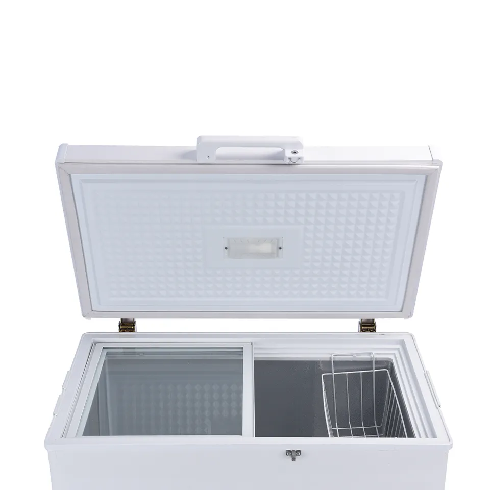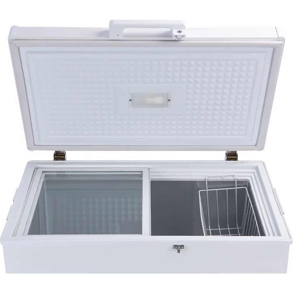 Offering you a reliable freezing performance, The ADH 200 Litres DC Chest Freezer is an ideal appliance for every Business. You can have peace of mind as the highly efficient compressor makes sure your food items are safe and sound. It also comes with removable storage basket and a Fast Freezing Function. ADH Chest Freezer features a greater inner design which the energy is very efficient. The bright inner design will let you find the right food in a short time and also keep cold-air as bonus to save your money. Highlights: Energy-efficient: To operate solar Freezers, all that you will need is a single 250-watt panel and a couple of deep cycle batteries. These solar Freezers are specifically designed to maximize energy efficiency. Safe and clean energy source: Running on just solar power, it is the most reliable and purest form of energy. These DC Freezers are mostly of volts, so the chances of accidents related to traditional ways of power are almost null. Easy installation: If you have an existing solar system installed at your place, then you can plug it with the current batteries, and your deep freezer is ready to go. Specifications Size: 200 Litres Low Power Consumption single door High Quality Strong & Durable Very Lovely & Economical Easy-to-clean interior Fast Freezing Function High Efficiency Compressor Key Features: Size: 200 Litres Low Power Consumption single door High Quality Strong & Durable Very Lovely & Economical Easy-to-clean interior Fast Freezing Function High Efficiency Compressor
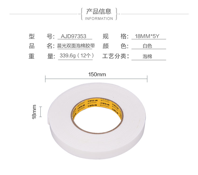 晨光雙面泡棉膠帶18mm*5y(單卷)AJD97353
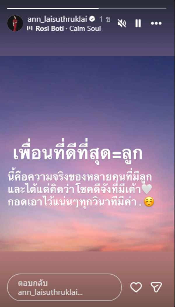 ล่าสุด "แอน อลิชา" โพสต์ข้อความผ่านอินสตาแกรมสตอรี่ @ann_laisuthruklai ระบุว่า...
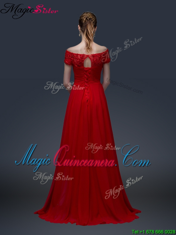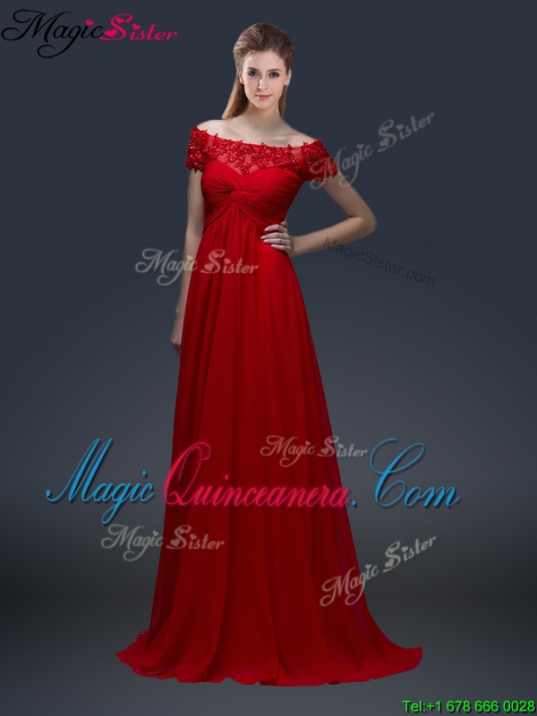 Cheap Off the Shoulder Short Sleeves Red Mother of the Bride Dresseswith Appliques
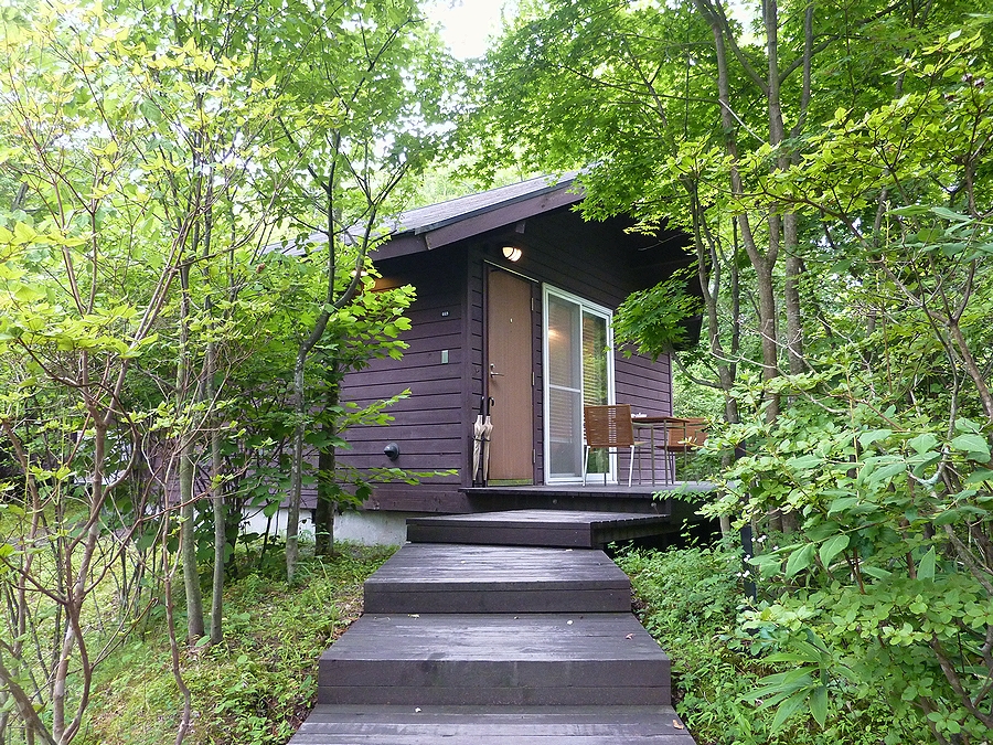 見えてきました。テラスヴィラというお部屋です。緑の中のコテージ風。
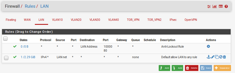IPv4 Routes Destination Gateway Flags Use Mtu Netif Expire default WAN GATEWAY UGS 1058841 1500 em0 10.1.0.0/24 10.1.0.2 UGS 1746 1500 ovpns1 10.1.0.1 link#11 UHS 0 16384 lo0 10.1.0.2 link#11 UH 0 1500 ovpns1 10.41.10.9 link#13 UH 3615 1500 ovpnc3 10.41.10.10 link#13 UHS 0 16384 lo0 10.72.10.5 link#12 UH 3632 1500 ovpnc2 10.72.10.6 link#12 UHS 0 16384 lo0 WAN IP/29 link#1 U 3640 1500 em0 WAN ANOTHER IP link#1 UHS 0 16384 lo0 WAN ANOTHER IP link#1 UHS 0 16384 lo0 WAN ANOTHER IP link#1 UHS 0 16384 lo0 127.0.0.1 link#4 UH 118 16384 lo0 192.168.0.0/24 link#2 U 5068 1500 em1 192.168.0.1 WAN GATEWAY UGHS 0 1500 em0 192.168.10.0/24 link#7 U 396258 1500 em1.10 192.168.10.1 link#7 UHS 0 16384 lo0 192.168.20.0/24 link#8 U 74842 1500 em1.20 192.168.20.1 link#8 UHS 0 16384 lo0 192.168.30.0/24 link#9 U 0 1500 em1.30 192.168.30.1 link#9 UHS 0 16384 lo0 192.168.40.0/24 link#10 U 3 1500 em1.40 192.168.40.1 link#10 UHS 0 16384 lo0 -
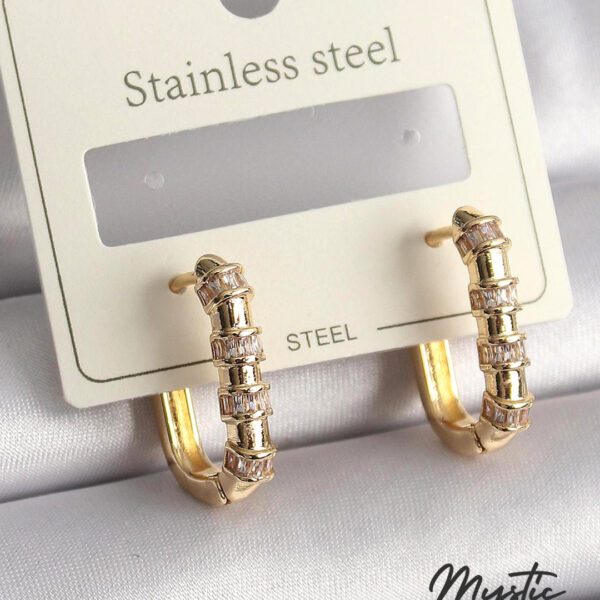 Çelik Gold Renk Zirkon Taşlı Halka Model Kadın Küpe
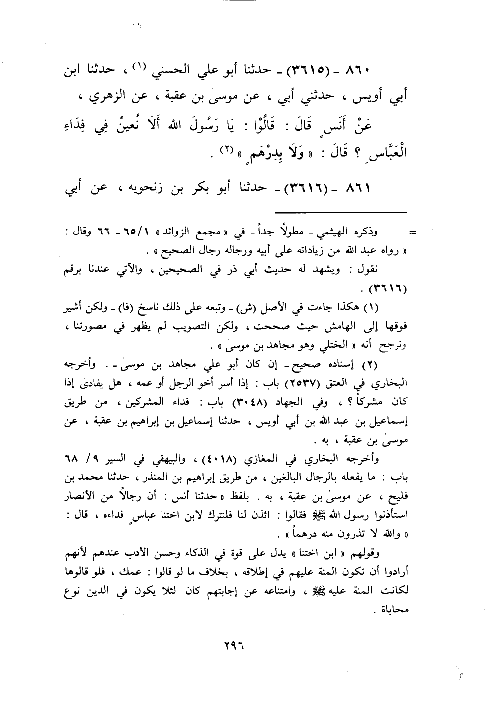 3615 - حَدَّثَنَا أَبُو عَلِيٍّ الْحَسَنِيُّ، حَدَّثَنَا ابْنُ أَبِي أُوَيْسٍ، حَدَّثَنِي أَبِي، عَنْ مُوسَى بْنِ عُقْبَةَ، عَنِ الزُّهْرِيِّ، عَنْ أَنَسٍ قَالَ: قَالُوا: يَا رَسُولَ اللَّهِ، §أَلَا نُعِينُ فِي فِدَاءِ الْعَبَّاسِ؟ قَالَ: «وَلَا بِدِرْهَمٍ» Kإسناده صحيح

******************************

## EXERCISE OBJECTIVE
All that should be printed is the run of lines above from the one with "โพสต์ข้อความผ่านอินสตาแกรมสตอรี่ @ann_laisuthruklai ระบุว่า..." through the one with "見えてきました。テラスヴィラというお部屋です。緑の中のコテージ風。", both included, exactly as given, with pictures left out.

## RESULT OF THE EXERCISE
 ล่าสุด "แอน อลิชา" โพสต์ข้อความผ่านอินสตาแกรมสตอรี่ @ann_laisuthruklai ระบุว่า...
 Cheap Off the Shoulder Short Sleeves Red Mother of the Bride Dresseswith Appliques
 見えてきました。テラスヴィラというお部屋です。緑の中のコテージ風。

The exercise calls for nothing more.